◆ Data for review:
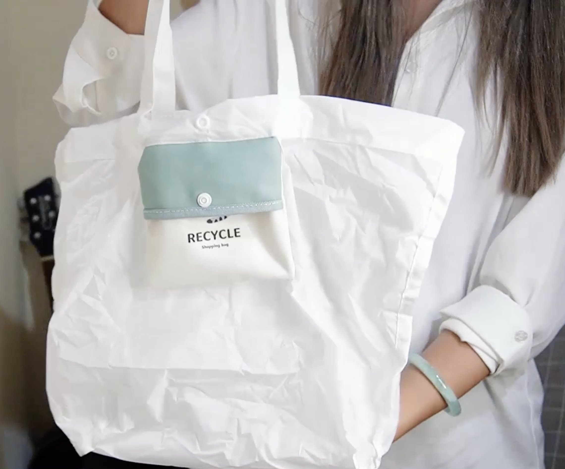 環保守護者後背包有送可收納購物袋,未使用時可當背包吊飾
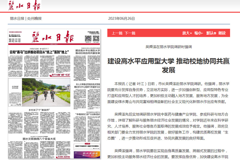 6月26日,丽水日报刊发了市长吴舜泽在丽水学院调研时强调:建设高水平应用型大学 推动校地协同共赢发展的消息。
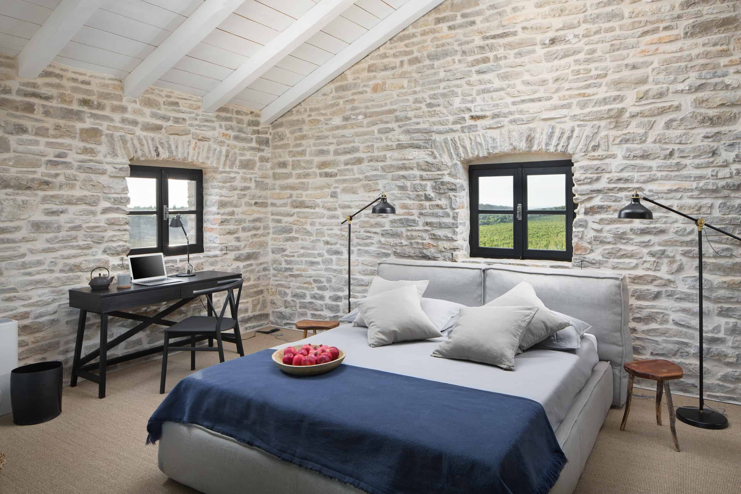 En la preciosa finca Bas de Bas, de donde también proceden los reconocibles vinos de Bibich, encontramos dos preciosas villas de piedra. La finca se encuentra a pocos kilómetros de Skradin, y los propietarios han transformado las antiguas ruinas, ubicadas en un terreno de seis hectáreas cubierto de viñedos y olivos, en una villa moderna.
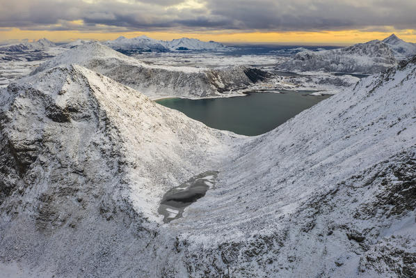 Aerial view of Uttakleiv and Haukland beach at sunrise, Leknes, Lofoten, Nordland, Norway, Scandinavia, Northern Europe
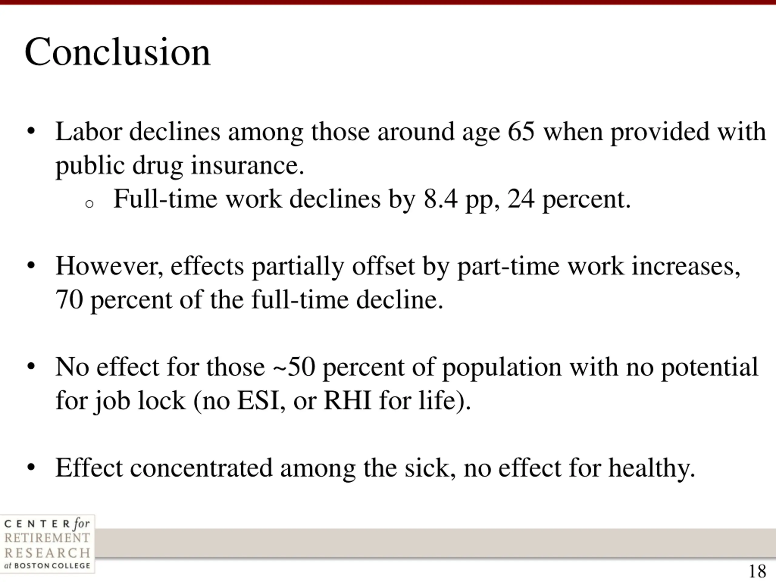 Conclusion Labor declines among those around age 65 when provided with public drug insurance. o Full-time work declines by 8.4 pp, 24 percent. However, effects partially offset by part-time work increases, 70 percent of the full-time decline. No effect for those ~50 percent of population with no potential for job lock (no ESI, or RHI for life). Effect concentrated among the sick, no effect for healthy. 18
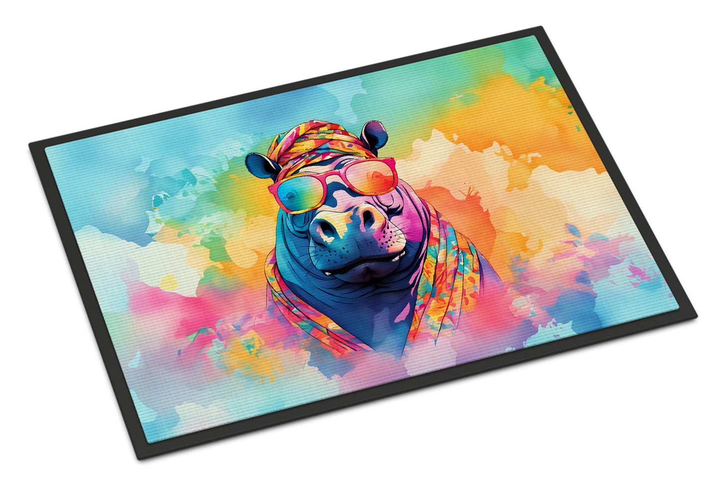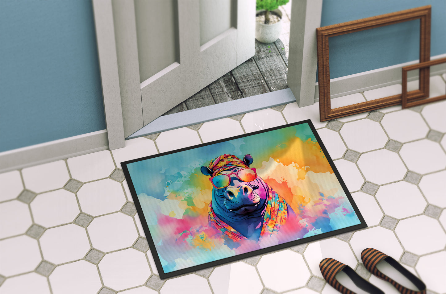 Doormat featuring breed specific Hippopotamus artwork. Welcome your guests in style with our Artwork Door Mat, designed to withstand almost any weather condition. This mat, measuring approximately 18 by 27 inches, is held together by durable black binding tape. Its top layer, composed of polyester felt, is dyed with the eye-catching image you see on the mat. A few layers below provide the mat with stability, while its rubber bottom is stamped to help prevent slipping and ensures safety. Our mat works wonderfully as both an indoor or outdoor door mat. For cleaning, simply hose it off with water or use a power washer - no need for any cleaner that produces suds. Avoid scrubbing with a brush, instead, opt for the vacuum on floor setting. Designed manufactured and printed in the USA, this mat is a perfect addition to your porch, outdoor kitchen, entryway, or any indoor space. Its unique design makes it a charming decorative rug that greets your guests and adds a stylish touch to your home decor.
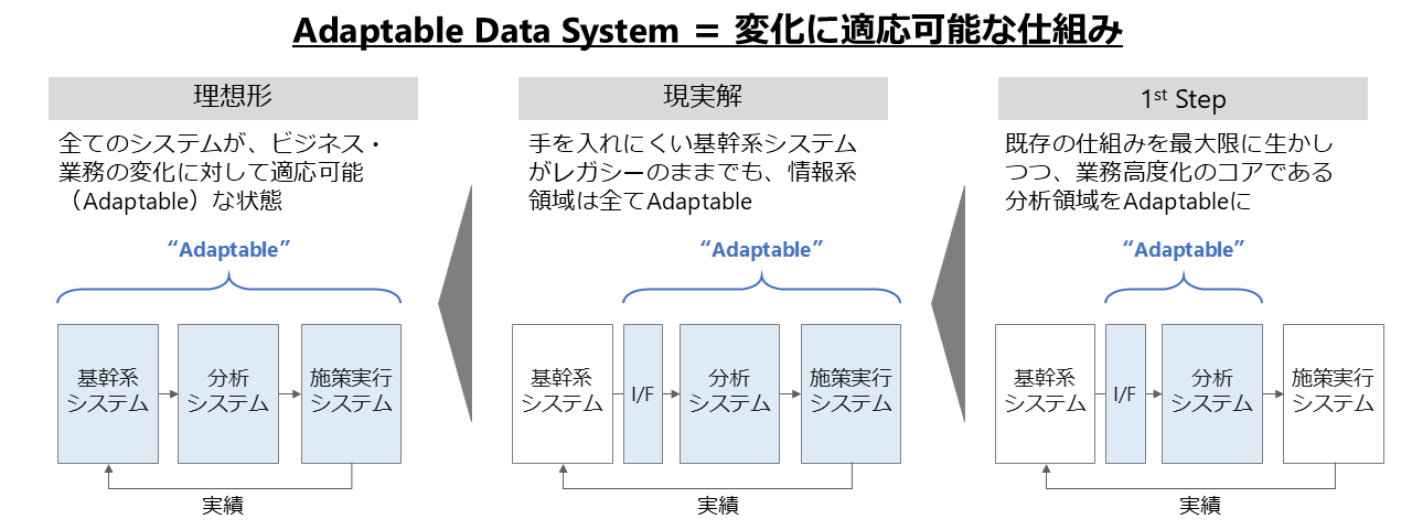 こうした考えのもと、当社は「変化に適応可能な仕組み=Adaptable Data System:略称ADS(アッズ)」を、新たなフレームワークとして提唱します。
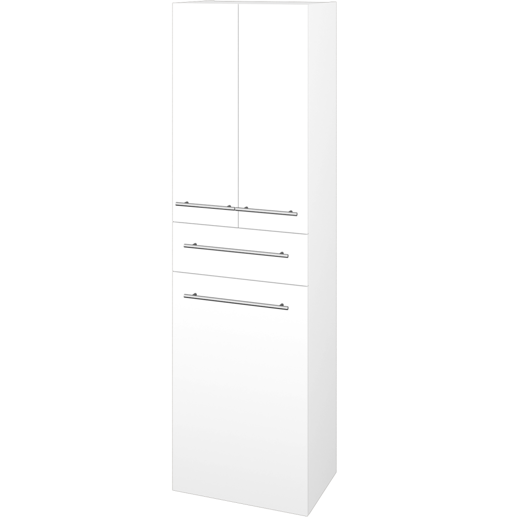Objemný úložný priestor, kombinovaný s priestorom na špinavú bielizeň, poskytuje vysoká doplnková skriňa DOS SVD3ZK 50. Pohodlne v nej uložíte všetko potrebné. Od malých drobností do praktickej zásuvky, až po väčšie predmety ako osušky, pracie prášky a pod.
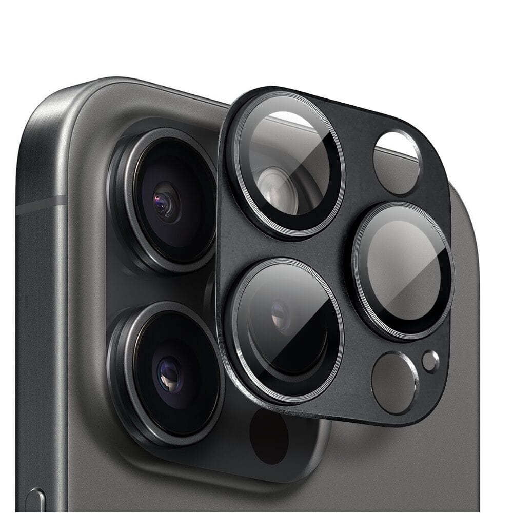 Metalowa osłona na cały aparat z wbudowanymi szkłami do iPhone 15 Pro Max, czarna
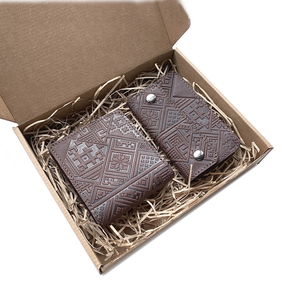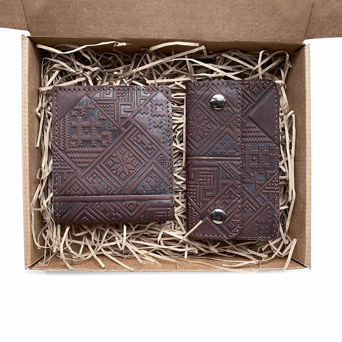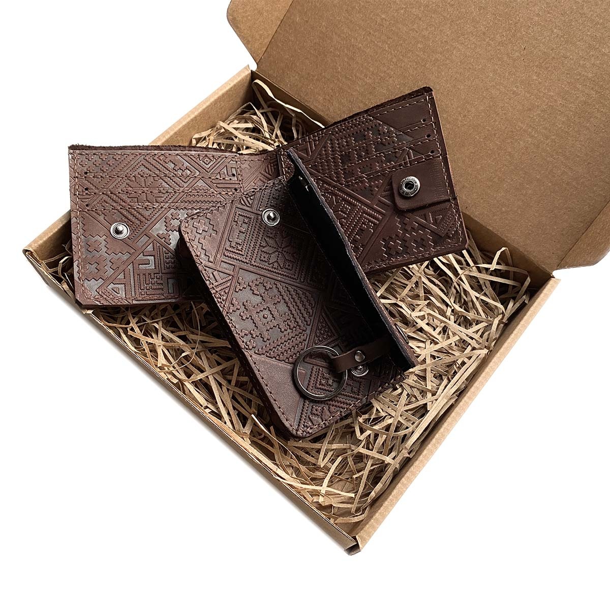 Подарочный набор из 4-х кожаных изделий в боксе из крафт-картона. В комплект набора входят: портмоне с евромонетницей, ключница.
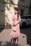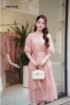 Đầm lụa tơ bọt hồng hai tầng nhún
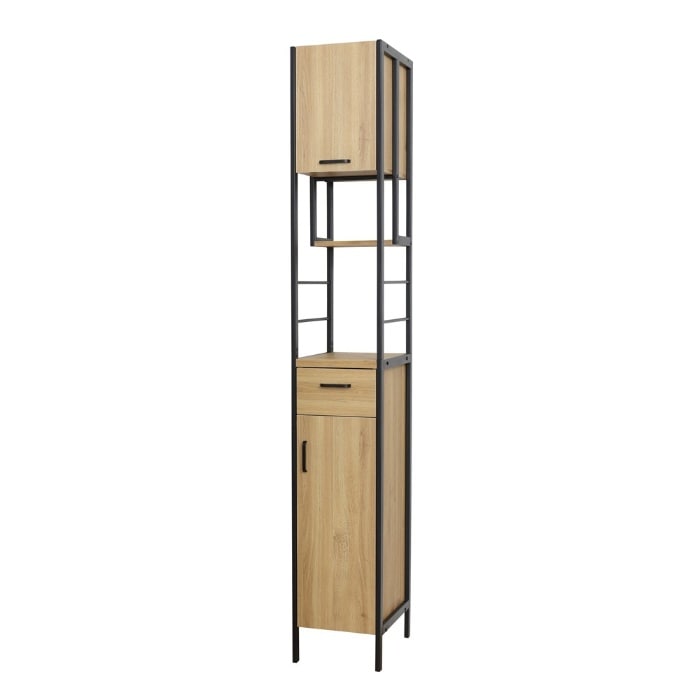 スチールと木目調の組み合わせ。スタイリッシュで、圧迫感のないデザインです。
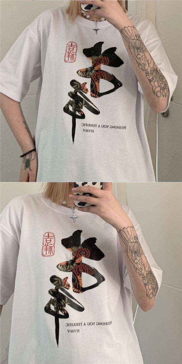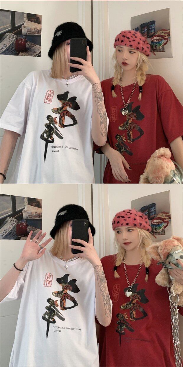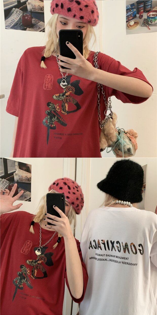 レディーススプリング韓国ファッショントレンドスタイルプリントルーズTシャツトップス 春物 ボーイズ デーモン88352196396

◆ Problem description:
From the data above, return exactly the lines from the one with "En la preciosa" up to and including the one with "Aerial view of". Pictures do not go in the copy.

◆ Completed exercise:
 En la preciosa finca Bas de Bas, de donde también proceden los reconocibles vinos de Bibich, encontramos dos preciosas villas de piedra. La finca se encuentra a pocos kilómetros de Skradin, y los propietarios han transformado las antiguas ruinas, ubicadas en un terreno de seis hectáreas cubierto de viñedos y olivos, en una villa moderna.
 Aerial view of Uttakleiv and Haukland beach at sunrise, Leknes, Lofoten, Nordland, Norway, Scandinavia, Northern Europe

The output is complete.